Alright people, we got a serious problem on our hands. From what i have read, things have escalated from bad to worse over there. China has been in growing support that taiwan should come back to china. On the other hand, polls from taiwan have been saying, 73% of them would fight if there was an invasion from communist china. In my opinion, if the us didnt help em out in the case of an invasion, China would win, but not without a bloody fight. China has many more men and more equipment, but taiwan is technologicly superior. Also, if john kerry went into office, would he support taiwan in the event of war.  Do you people think that America is withdrawing support from taiwan, in order to increase relations with communist china? Well, lets get this Asian bash started! (And this is the closest chat room that i could get on this topic, i think u should make one like, asian political chat)


:chains: :56:   :fu2: 

:cof:


----------



## preemptingyou03 (Apr 25, 2004)

According to Bush, if China invaded Taiwan, we'd nuke China. He told the Chinese PM this.

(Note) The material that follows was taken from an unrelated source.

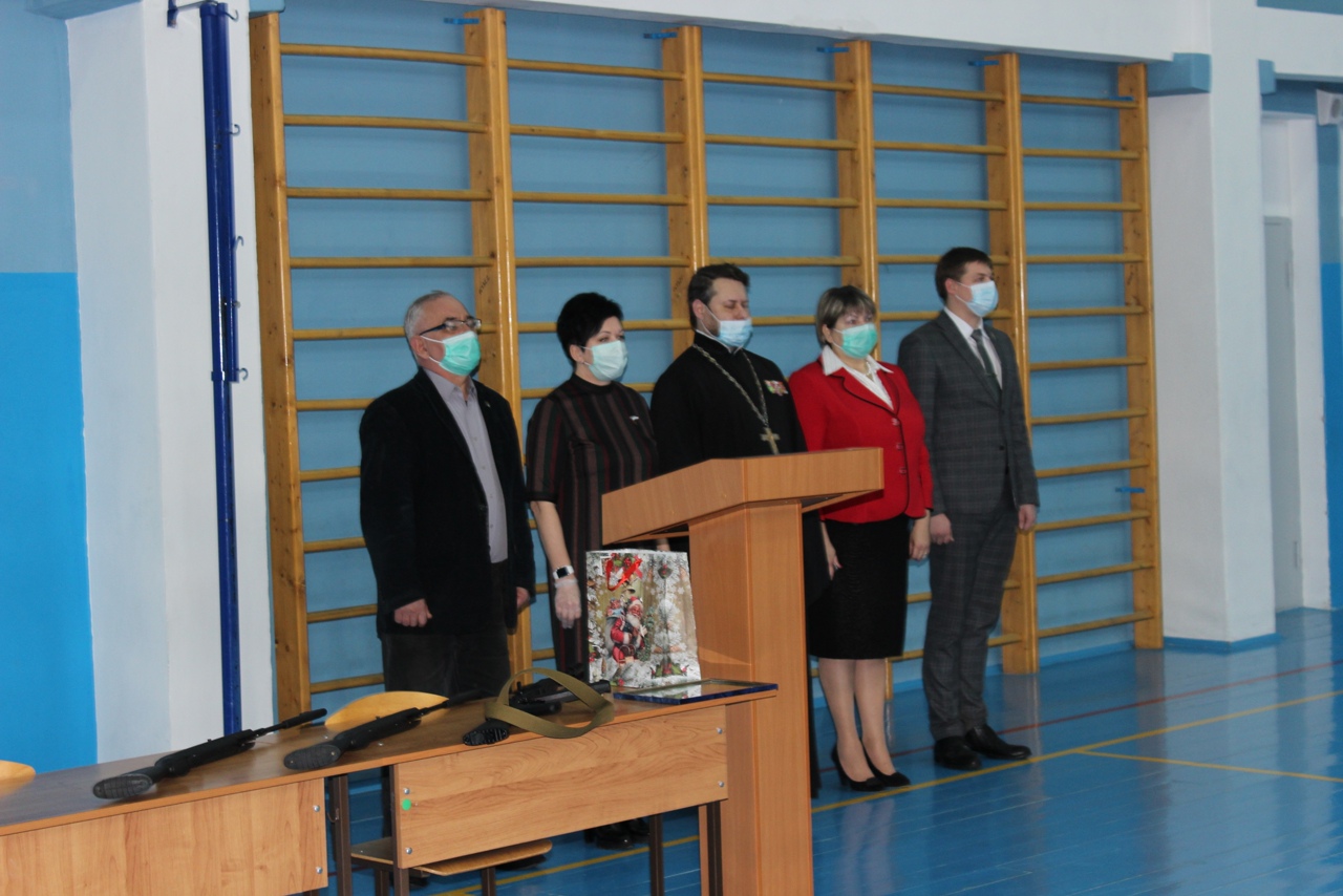 В торжественной церемонии мероприятия приняли участие депутат Государственной Думы Валентина Миронова, председатель Совета БРОО поискового объединения «Возрождение» Алексей Екимцев, начальник штаба регионального отделения «Юнармии» Сергей Васютичев, председатель Совета Брянского регионального отделения Всероссийской общественной организации ветеранов «БОЕВОЕ БРАТСТВО» Александр Деменков, заведующий отделом по взаимодействию с Вооруженными силами и правоохранительными органами Брянской епархии иерей Михаил Агешин, педагоги и учащиеся школы.

I guess Kerry would be right in saying world leaders want him to defeat Bush. World leaders like communists, dictators, and terrorists.


----------



## supermarine (Apr 25, 2004)

ok, now on to the different topic on taiwan, do u people think that taiwan should be givin back to china?
I personaly think its a horrible idea.


----------



## preemptingyou03 (Apr 25, 2004)

I agree, that's a bad idea.


----------



## supermarine (Apr 25, 2004)

hey, why wont sum more guys come and chat on this room, maybe avatar, or zhukov?


----------



## Avatar4321 (Apr 28, 2004)

cause there usually isnt alot of activity over here.

No Taiwan shouldnt be given back to China. Not unless China decides to surrender to Taiwan and become a Free nation.


----------



## Zhukov (Apr 29, 2004)

I wouldn't be surprised if, by one means or another, the Kerry Campaign was being donated to by Red China.  The Chinese would certainly be interested in having a communist sympathizer in the White House.  John Kerry's stance on Taiwan would likely be so conciliatory to the PRC that the damage done to democratic institutions in Taiwan in a mere four years could be irreversible.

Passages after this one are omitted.